Not much sure here must no "COPY" for tile. (T1 = Copy T0)
Better to add assert here to exclude unexpected Tile def (MI is not intrinsic).

575

Sorry, In my understand, the comment is not match the code.
it should be

 //   tilezero
 //   def row
 //   def col  <- LastShapeMI 
//   ldtilecfg <- insert
 //   tilezero(row, col)
605

We should escape duplicated reload. for example:

Not re-gen reload for line 2.

1  T0 = TileLoad
2   TileUse T0
LuoYuanke added inline comments.May 23 2022, 5:08 AM
llvm/lib/Target/X86/X86FastPreTileConfig.cpp
551

That would run out of register. Currently we have valotiled tile in "lower amx type" pass. We can improve it later and disable volatile tile in that pass.

565

Thre are only phi or copy beside AMX intrinsic. We handle phi separately. "COPY" may be generated after phi elimination. OK, let me add assert here.

575

Let me update the comments.

605

How about optimize reload in another patch?

LuoYuanke updated this revision to Diff 431346.May 23 2022, 5:44 AM

Address Xiang's comments.

xiangzhangllvm added inline comments.May 23 2022, 5:46 PM
llvm/lib/Target/X86/X86FastPreTileConfig.cpp
551

If we consider greedy-->fast, we should consider this problem.

576

Copy will cause the wrong action for following get shape.
MI.getOperand(x)

605

No problem.

xiangzhangllvm added inline comments.May 23 2022, 6:15 PM
llvm/lib/Target/X86/X86FastPreTileConfig.cpp
551

And do we need to consider shape number > "max reg num of ldtilecfg (8)" in current stage ? It is possible in big BB.

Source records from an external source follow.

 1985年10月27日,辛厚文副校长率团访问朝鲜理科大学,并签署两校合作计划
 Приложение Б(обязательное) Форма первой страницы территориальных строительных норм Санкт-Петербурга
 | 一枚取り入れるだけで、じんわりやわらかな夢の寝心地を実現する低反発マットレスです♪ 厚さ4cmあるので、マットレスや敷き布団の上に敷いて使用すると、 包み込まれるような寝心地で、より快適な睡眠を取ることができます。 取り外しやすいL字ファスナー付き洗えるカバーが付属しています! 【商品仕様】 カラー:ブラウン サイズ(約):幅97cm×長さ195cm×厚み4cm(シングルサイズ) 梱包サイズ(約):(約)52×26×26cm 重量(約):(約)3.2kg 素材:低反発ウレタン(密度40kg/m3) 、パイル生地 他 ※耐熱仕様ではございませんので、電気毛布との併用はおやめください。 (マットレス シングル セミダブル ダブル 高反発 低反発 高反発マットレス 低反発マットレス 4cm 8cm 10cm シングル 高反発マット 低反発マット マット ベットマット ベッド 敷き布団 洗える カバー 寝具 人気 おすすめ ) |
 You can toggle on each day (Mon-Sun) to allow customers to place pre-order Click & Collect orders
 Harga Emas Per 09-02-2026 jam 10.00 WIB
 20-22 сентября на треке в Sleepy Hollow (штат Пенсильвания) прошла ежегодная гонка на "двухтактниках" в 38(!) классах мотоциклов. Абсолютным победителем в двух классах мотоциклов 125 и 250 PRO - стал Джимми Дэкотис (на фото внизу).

LuoYuanke added inline comments.May 23 2022, 6:36 PM
llvm/lib/Target/X86/X86FastPreTileConfig.cpp
551

That is not supported yet. We can improve it later.

576

Copy is filter out by isTileDef?

xiangzhangllvm added inline comments.May 23 2022, 6:47 PM
llvm/lib/Target/X86/X86TargetMachine.cpp
424

Remove.

LuoYuanke updated this revision to Diff 431561.May 23 2022, 7:37 PM

Address Xiang's comments.

xiangzhangllvm accepted this revision.May 23 2022, 7:41 PM

Mark some TODO for your planning.

llvm/test/CodeGen/X86/AMX/amx-across-func.ll
619

We may need reconfig if tilerelease

This revision is now accepted and ready to land.May 23 2022, 7:41 PM
LuoYuanke added inline comments.May 23 2022, 7:48 PM
llvm/test/CodeGen/X86/AMX/amx-across-func.ll
619

Config is based on function unit. Each function that use AMX should reconfig. If it doesn't touch AMX, no config is required.

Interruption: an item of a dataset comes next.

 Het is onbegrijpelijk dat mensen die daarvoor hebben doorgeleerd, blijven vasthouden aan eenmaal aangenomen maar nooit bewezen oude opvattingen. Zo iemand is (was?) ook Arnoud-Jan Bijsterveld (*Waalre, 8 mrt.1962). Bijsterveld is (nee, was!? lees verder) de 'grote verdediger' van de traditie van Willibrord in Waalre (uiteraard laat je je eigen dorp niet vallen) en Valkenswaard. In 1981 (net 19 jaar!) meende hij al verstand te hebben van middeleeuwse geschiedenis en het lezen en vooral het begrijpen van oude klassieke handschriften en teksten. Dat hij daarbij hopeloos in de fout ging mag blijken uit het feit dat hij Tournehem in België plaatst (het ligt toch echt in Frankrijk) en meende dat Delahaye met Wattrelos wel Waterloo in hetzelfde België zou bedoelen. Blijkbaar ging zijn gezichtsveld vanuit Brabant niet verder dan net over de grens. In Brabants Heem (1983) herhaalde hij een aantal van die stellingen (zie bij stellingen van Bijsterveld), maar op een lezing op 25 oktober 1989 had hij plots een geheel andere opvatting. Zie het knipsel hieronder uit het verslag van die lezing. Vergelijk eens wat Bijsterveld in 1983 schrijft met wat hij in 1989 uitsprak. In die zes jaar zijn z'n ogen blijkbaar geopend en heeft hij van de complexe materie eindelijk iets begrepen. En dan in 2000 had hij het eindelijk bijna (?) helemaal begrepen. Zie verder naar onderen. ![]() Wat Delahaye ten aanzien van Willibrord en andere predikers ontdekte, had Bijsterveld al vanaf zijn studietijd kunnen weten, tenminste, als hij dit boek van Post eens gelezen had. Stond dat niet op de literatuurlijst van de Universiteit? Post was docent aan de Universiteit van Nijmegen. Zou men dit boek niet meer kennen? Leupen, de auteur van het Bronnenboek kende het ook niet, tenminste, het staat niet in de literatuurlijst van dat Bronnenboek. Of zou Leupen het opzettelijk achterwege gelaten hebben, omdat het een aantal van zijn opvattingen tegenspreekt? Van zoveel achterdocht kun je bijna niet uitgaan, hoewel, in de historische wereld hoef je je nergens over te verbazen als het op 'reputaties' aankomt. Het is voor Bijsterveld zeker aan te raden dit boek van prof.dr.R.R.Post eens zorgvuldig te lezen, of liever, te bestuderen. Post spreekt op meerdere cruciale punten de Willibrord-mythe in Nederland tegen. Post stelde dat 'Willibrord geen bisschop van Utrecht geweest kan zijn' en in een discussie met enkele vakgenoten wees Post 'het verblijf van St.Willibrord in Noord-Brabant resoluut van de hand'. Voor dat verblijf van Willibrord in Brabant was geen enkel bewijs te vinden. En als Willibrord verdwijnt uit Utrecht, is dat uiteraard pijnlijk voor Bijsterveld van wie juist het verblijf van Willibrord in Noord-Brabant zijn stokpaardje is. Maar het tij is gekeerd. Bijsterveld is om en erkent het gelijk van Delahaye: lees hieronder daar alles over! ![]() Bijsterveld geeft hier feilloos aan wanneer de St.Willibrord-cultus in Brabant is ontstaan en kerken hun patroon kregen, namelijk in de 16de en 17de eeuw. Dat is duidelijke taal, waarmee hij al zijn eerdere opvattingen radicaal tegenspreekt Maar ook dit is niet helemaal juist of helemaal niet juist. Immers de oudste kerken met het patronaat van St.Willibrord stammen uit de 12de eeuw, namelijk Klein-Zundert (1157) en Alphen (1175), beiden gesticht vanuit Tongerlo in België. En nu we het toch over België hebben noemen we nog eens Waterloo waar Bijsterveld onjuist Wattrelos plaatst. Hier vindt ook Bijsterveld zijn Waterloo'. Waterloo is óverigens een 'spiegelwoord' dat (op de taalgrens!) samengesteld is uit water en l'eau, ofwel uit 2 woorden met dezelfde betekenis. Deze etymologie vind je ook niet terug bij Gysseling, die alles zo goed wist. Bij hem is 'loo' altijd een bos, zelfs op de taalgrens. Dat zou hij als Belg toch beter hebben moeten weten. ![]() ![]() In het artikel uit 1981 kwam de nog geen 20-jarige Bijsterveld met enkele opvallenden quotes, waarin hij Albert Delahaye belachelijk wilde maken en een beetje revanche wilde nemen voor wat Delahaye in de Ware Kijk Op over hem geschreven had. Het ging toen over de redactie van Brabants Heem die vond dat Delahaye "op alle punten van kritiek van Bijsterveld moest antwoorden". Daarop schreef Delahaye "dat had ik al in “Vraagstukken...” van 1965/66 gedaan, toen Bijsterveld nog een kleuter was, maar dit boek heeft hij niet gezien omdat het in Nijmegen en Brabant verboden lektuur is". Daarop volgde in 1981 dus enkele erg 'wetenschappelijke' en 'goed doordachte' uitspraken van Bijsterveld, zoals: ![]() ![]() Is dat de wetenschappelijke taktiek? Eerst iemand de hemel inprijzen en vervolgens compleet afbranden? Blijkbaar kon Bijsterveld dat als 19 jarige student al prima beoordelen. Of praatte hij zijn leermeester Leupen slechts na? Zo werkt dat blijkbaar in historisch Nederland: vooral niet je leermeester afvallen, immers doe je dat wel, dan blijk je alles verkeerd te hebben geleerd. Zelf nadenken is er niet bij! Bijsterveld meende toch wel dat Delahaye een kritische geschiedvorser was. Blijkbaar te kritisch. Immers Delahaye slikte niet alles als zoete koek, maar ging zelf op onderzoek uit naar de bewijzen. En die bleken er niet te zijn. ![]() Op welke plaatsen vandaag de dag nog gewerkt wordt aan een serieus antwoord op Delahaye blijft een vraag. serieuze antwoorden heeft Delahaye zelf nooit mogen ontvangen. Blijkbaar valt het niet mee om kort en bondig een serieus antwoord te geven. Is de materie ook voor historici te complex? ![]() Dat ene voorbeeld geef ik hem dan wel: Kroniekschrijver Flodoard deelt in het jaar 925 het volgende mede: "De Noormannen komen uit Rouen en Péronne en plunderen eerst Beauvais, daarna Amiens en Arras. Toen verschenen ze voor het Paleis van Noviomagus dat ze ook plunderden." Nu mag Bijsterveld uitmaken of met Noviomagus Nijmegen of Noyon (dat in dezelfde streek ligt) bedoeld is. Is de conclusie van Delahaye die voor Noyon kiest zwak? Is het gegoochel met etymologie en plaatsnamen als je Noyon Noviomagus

LuoYuanke added a comment.EditedMay 23 2022, 10:10 PM

Mark some TODO for your planning.

OK, let me record TODO in the commit message.

This revision was landed with ongoing or failed builds.May 23 2022, 10:44 PM
This revision was automatically updated to reflect the committed changes.
nikic added a subscriber: nikic.May 24 2022, 1:20 AM

FYI this has some noticeable compile-time impact on O0 builds: http://llvm-compile-time-tracker.com/compare.php?from=62a9b36fcf728b104ea87e6eb84c0be69b779df7&to=496156ac57da3abd9c8a6dc422852b7bdfaa448f&stat=instructions

Maybe it's possible to skip more of X86FastPreTileConfig early if tile registers are not used (i.e. almost always)?

FYI this has some noticeable compile-time impact on O0 builds: http://llvm-compile-time-tracker.com/compare.php?from=62a9b36fcf728b104ea87e6eb84c0be69b779df7&to=496156ac57da3abd9c8a6dc422852b7bdfaa448f&stat=instructions

Maybe it's possible to skip more of X86FastPreTileConfig early if tile registers are not used (i.e. almost always)?

Yes, that's a promising fix. Let me come up with a patch for it. Thanks.

FYI this has some noticeable compile-time impact on O0 builds: http://llvm-compile-time-tracker.com/compare.php?from=62a9b36fcf728b104ea87e6eb84c0be69b779df7&to=496156ac57da3abd9c8a6dc422852b7bdfaa448f&stat=instructions

Maybe it's possible to skip more of X86FastPreTileConfig early if tile registers are not used (i.e. almost always)?

Yes, that's a promising fix. Let me come up with a patch for it. Thanks.

Patch https://reviews.llvm.org/D126280 to reduce the compiling time.

LuoYuanke added a comment.EditedJun 27 2022, 8:07 PM

I can duplicated the regression with "llc -mtriple=aarch64 test/DebugInfo/Generic/two-cus-from-same-file.ll -O0 -o -". This is a ISel bug on "DBG_VALUE", I'll file a bug for it.

This comment was removed by LuoYuanke.